■ INFORMATION SHOWN:
-.-.-
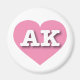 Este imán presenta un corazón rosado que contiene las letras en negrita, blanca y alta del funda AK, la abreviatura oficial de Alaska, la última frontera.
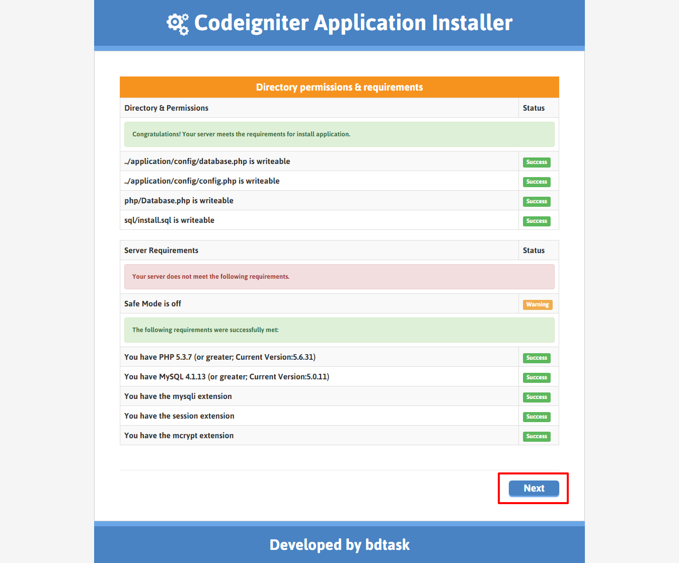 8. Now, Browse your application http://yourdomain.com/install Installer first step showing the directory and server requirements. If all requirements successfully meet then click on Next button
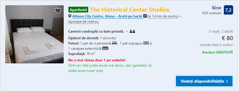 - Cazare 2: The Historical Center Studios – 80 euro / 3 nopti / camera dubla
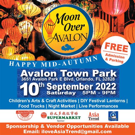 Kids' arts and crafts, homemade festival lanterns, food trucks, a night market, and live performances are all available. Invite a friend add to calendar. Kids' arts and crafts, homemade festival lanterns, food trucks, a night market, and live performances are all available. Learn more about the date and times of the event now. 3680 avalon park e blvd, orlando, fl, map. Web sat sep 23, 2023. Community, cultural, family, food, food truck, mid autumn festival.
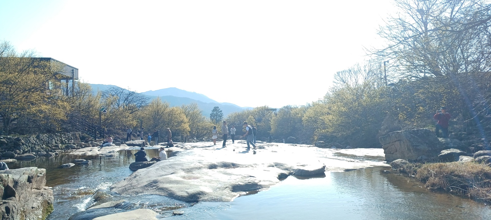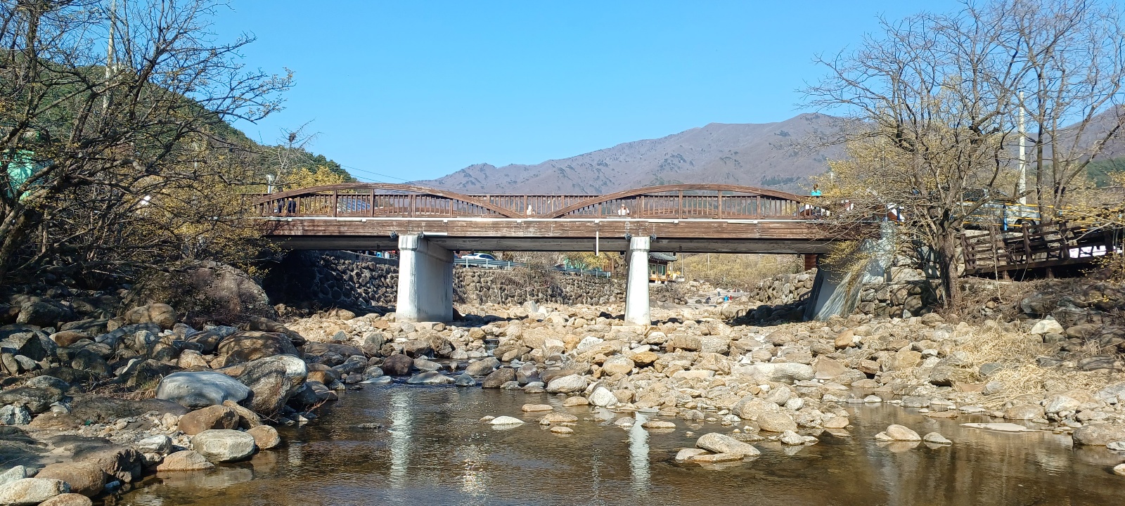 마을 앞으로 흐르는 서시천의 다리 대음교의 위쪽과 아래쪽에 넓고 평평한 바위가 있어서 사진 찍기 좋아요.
-.-.-
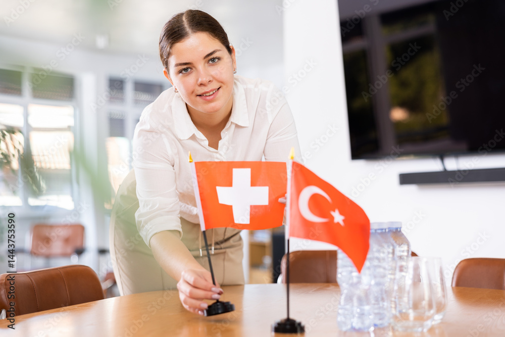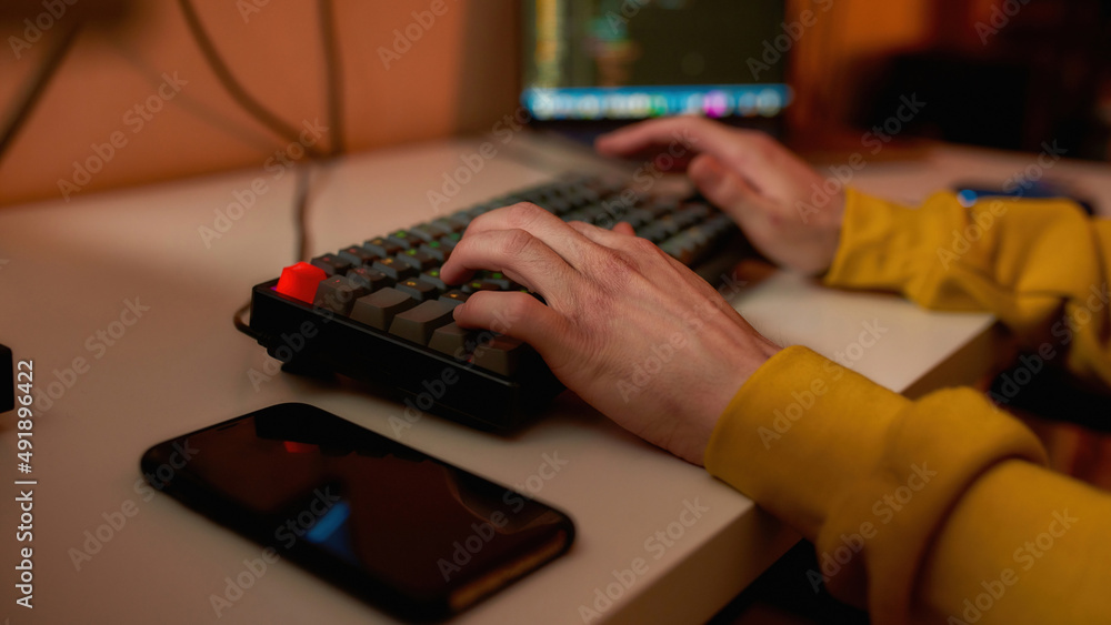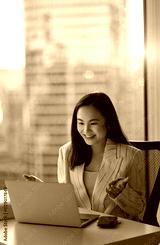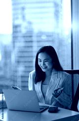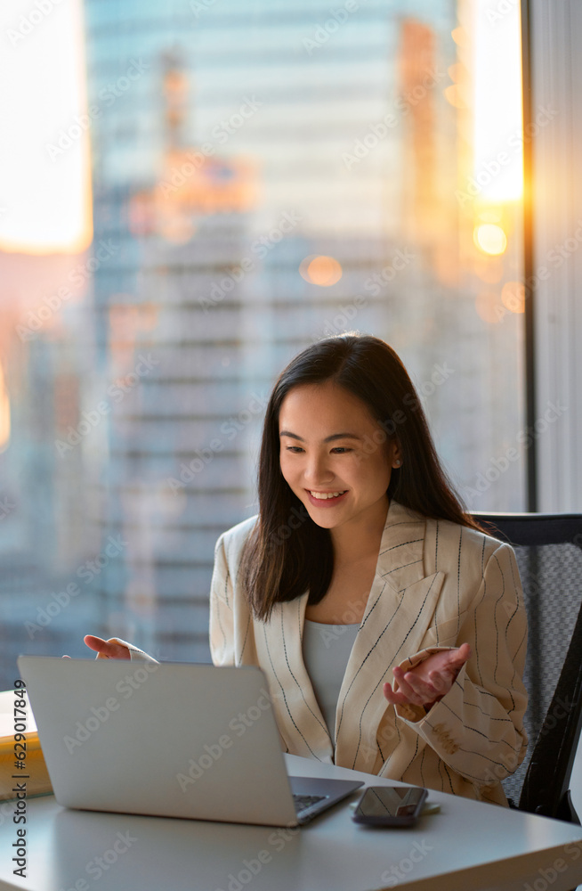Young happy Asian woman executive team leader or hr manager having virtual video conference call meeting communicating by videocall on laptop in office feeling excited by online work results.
-.-.-
■ PROBLEM TO WORK ON: Find the line with "8. Now, Browse" in the data above, and from there retype each line exactly through the line with "마을 앞으로 흐르는 서시천의", skipping the pictures along the way.

■ RESPONSE TO THIS EXERCISE:
 8. Now, Browse your application http://yourdomain.com/install Installer first step showing the directory and server requirements. If all requirements successfully meet then click on Next button
 - Cazare 2: The Historical Center Studios – 80 euro / 3 nopti / camera dubla
 Kids' arts and crafts, homemade festival lanterns, food trucks, a night market, and live performances are all available. Invite a friend add to calendar. Kids' arts and crafts, homemade festival lanterns, food trucks, a night market, and live performances are all available. Learn more about the date and times of the event now. 3680 avalon park e blvd, orlando, fl, map. Web sat sep 23, 2023. Community, cultural, family, food, food truck, mid autumn festival.
 마을 앞으로 흐르는 서시천의 다리 대음교의 위쪽과 아래쪽에 넓고 평평한 바위가 있어서 사진 찍기 좋아요.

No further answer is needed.